1. Full-Text Search vs Database Queries
+------------------------------------------------------------------------+
| TRADITIONAL SQL FULL-TEXT SEARCH ENGINE |
| |
| SELECT * FROM products "running shoes for flat feet" |
| WHERE name LIKE '%shoes%' |
| |
| Problems: Solutions: |
| - No relevance ranking - TF-IDF / BM25 ranking |
| - Full table scan (slow) - Inverted index (O(1) lookup) |
| - No typo tolerance - Fuzzy matching (Levenshtein) |
| - No synonym matching - Synonym expansion |
| - Exact string match only - Tokenization + stemming |
| "shoes" won't match "shoe" "running" -> "run" |
+------------------------------------------------------------------------+
2. Inverted Index
The fundamental data structure behind all search engines.

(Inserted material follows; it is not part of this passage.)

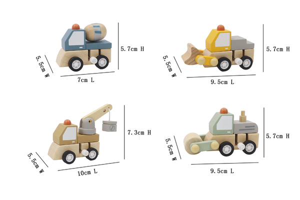Wind up your construction truck and watch it get to work! These cute construction trucks are great fun to wind up and play with, whether its on the floor or tabletop, wind them up and watch them roll. The construction trucks also have cute moving wooden parts for extra fun. Whether its the cement truck with its rolling back, the crane with its load, the roller flattening everything or the digger picking things up, you'll enjoy every movement with these vehicles. These wooden vehicles encourage open play and pretend play. By creating their own story, children explore the world around them and learn to problem solve and encourages social interaction. Each wooden wind up construction truck from is made from timber, finished to the highest quality and painted in child safe, non toxic paint.

+------------------------------------------------------------------------+
| INVERTED INDEX |
| |
| DOCUMENTS: |
| Doc 1: "the quick brown fox" |
| Doc 2: "the quick rabbit" |
| Doc 3: "the brown cow" |
| |
| FORWARD INDEX (what we normally store): |
| Doc 1 -> [the, quick, brown, fox] |
| Doc 2 -> [the, quick, rabbit] |
| Doc 3 -> [the, brown, cow] |
| |
| INVERTED INDEX (optimized for search): |
| "brown" -> [Doc 1, Doc 3] |
| "cow" -> [Doc 3] |
| "fox" -> [Doc 1] |
| "quick" -> [Doc 1, Doc 2] |
| "rabbit" -> [Doc 2] |
| "the" -> [Doc 1, Doc 2, Doc 3] |
| |
| Search for "quick brown": |
| "quick" -> [Doc 1, Doc 2] |
| "brown" -> [Doc 1, Doc 3] |
| Intersection: [Doc 1] --> Result! |
+------------------------------------------------------------------------+
Text Processing Pipeline (Indexing)
Raw Text: "The Quick Brown FOX jumped over the lazy dog!!"
|
v
1. TOKENIZE: ["The", "Quick", "Brown", "FOX", "jumped", "over",
"the", "lazy", "dog"]
|
v
2. LOWERCASE: ["the", "quick", "brown", "fox", "jumped", "over",
"the", "lazy", "dog"]
|
v
3. REMOVE STOP WORDS: ["quick", "brown", "fox", "jumped", "lazy", "dog"]
|
v
4. STEMMING: ["quick", "brown", "fox", "jump", "lazi", "dog"]
|
v
5. Store in INVERTED INDEX with document ID + position
Key operations:
| Operation | What It Does | Example |
|---|---|---|
| Tokenization | Split text into words | "New York City" -> ["New", "York", "City"] |
| Lowercasing | Normalize case | "iPhone" -> "iphone" |
| Stop word removal | Remove common words | "the", "is", "at" -> removed |
| Stemming | Reduce to root form | "running", "runs", "ran" -> "run" |
| Lemmatization | Reduce to dictionary form | "better" -> "good" (smarter than stemming) |
3. Elasticsearch Basics
Elasticsearch is the most widely used search engine in production systems.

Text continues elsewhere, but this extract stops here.